Work to complete: Output nothing but the lines from the one holding "Mujer Vestido cruzado" to the end of the listing. Reproduce them exactly, without the pictures.

+===+

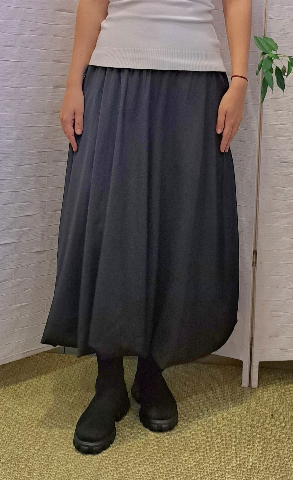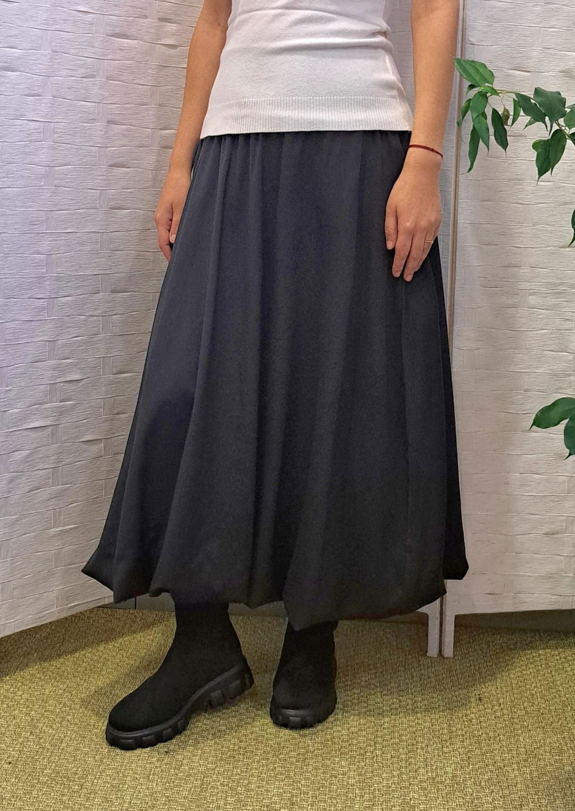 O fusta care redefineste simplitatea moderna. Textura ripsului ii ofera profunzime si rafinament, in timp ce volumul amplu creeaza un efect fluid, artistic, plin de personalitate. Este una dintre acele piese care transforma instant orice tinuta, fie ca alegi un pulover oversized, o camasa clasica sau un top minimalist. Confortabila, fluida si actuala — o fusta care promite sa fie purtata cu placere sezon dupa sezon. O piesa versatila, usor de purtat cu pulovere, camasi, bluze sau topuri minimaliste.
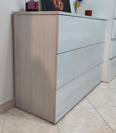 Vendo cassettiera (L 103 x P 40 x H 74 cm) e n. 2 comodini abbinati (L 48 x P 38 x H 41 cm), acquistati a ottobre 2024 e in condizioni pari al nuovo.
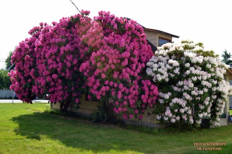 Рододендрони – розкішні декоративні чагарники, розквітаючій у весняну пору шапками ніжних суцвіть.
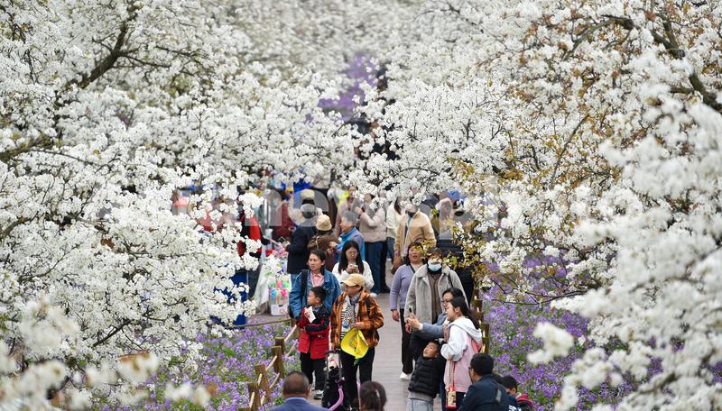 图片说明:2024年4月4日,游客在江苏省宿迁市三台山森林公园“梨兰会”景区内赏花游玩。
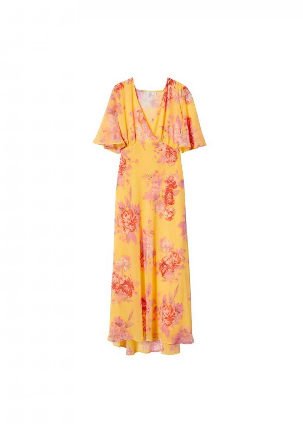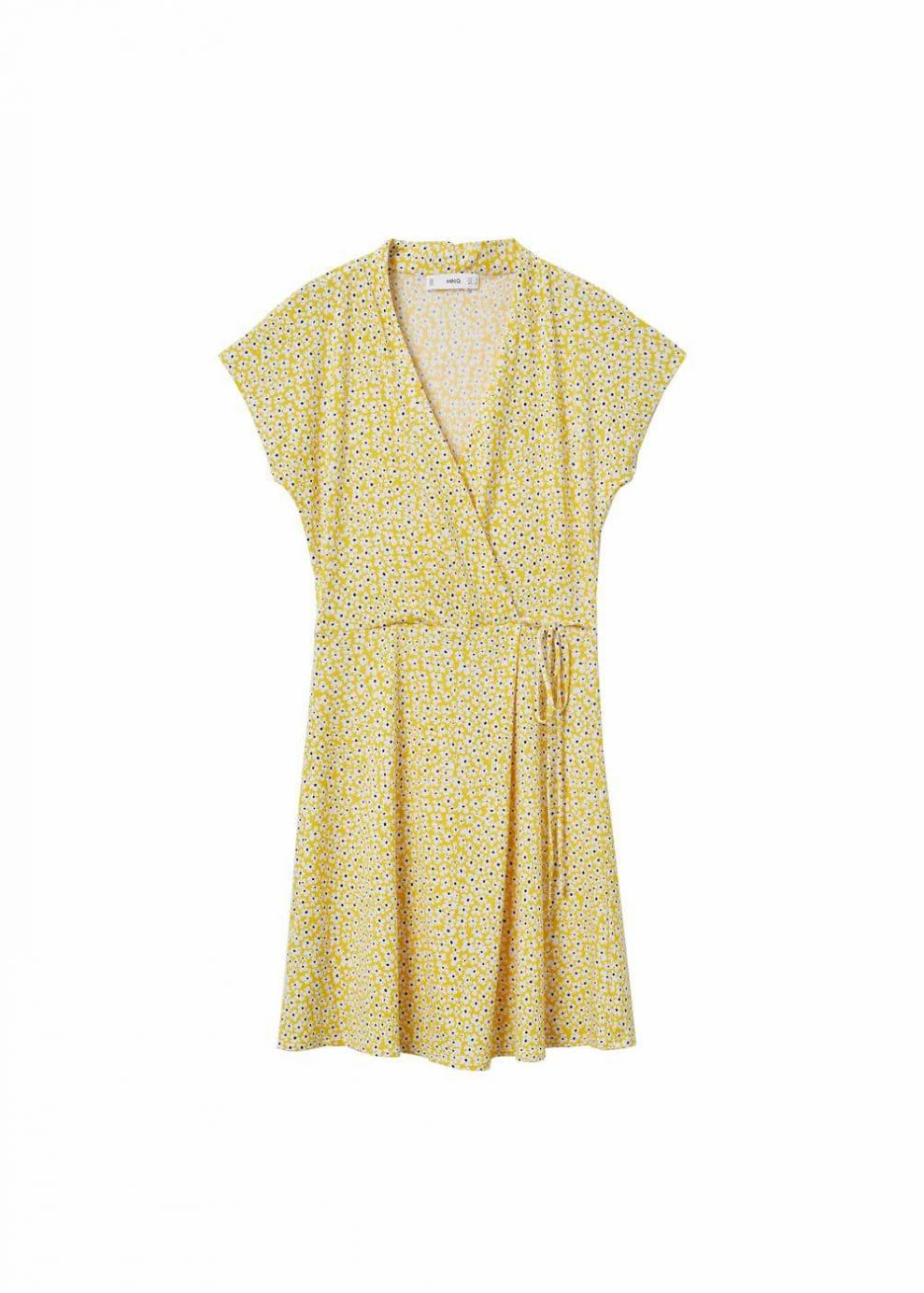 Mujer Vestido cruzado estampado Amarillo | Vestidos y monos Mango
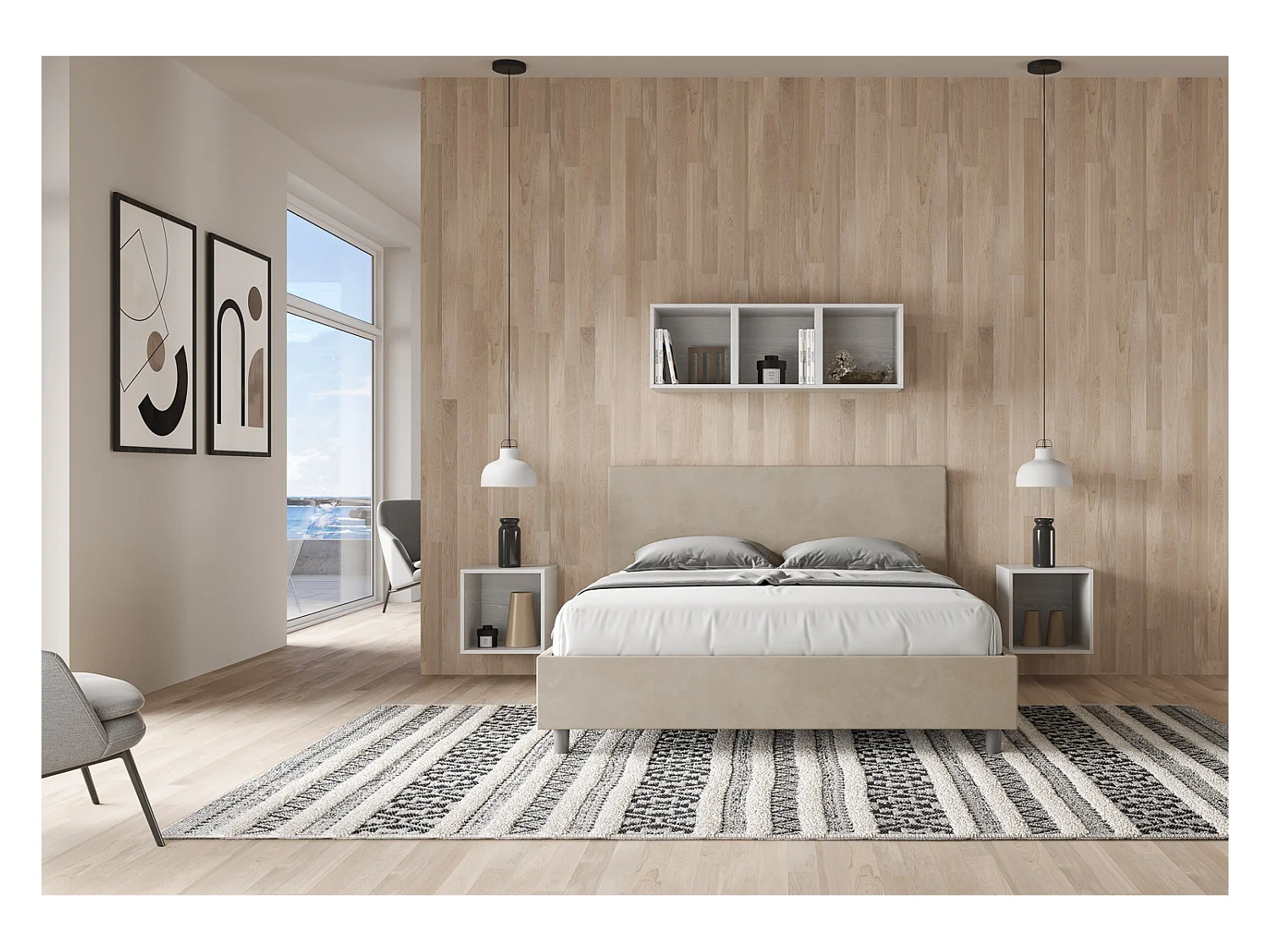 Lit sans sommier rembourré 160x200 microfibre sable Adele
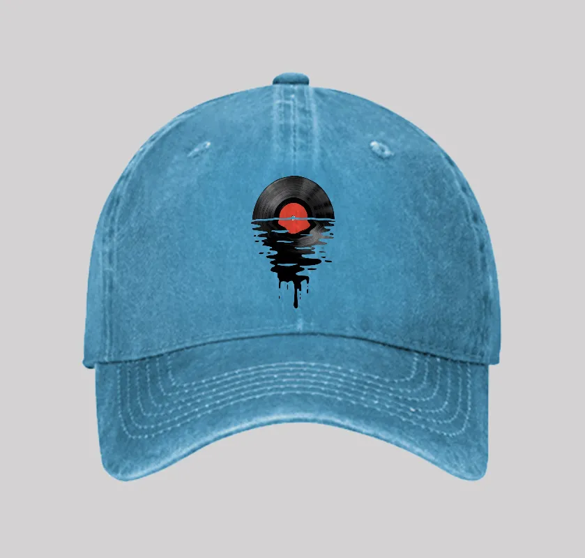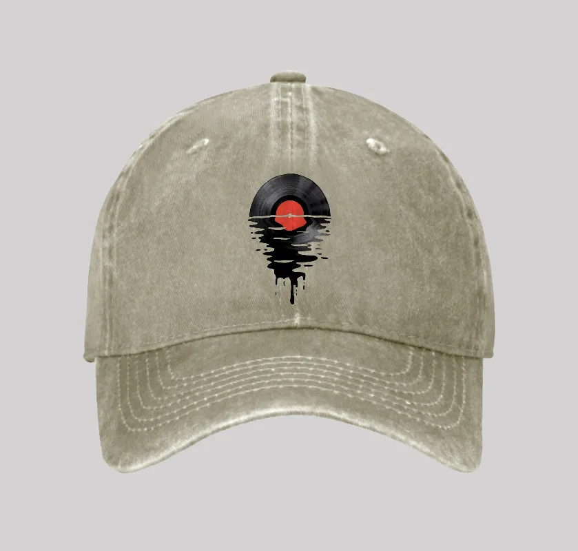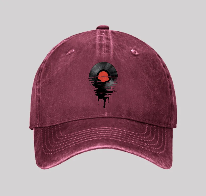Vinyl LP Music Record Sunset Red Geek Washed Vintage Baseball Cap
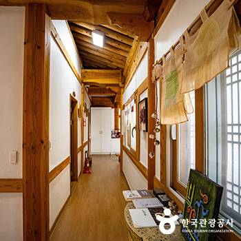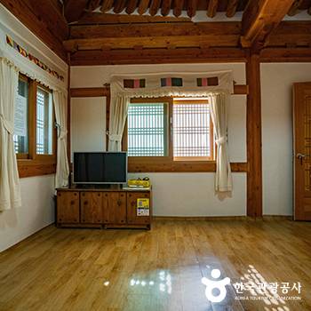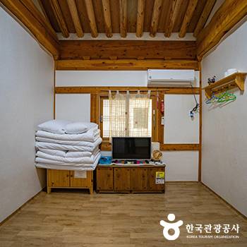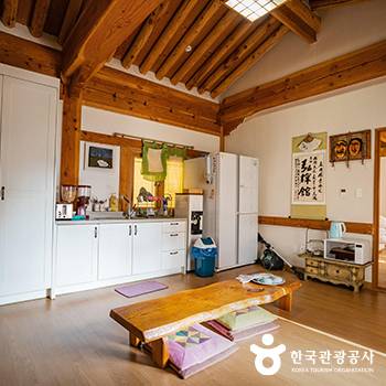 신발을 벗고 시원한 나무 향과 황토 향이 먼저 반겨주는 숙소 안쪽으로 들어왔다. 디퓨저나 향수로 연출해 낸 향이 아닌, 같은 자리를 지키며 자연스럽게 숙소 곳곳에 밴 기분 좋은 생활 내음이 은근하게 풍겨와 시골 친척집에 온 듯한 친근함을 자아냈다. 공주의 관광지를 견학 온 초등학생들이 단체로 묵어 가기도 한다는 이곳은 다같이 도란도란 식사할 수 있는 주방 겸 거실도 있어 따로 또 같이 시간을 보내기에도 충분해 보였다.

+===+

Solution for this problem:
 Mujer Vestido cruzado estampado Amarillo | Vestidos y monos Mango
 Lit sans sommier rembourré 160x200 microfibre sable Adele
Vinyl LP Music Record Sunset Red Geek Washed Vintage Baseball Cap
 신발을 벗고 시원한 나무 향과 황토 향이 먼저 반겨주는 숙소 안쪽으로 들어왔다. 디퓨저나 향수로 연출해 낸 향이 아닌, 같은 자리를 지키며 자연스럽게 숙소 곳곳에 밴 기분 좋은 생활 내음이 은근하게 풍겨와 시골 친척집에 온 듯한 친근함을 자아냈다. 공주의 관광지를 견학 온 초등학생들이 단체로 묵어 가기도 한다는 이곳은 다같이 도란도란 식사할 수 있는 주방 겸 거실도 있어 따로 또 같이 시간을 보내기에도 충분해 보였다.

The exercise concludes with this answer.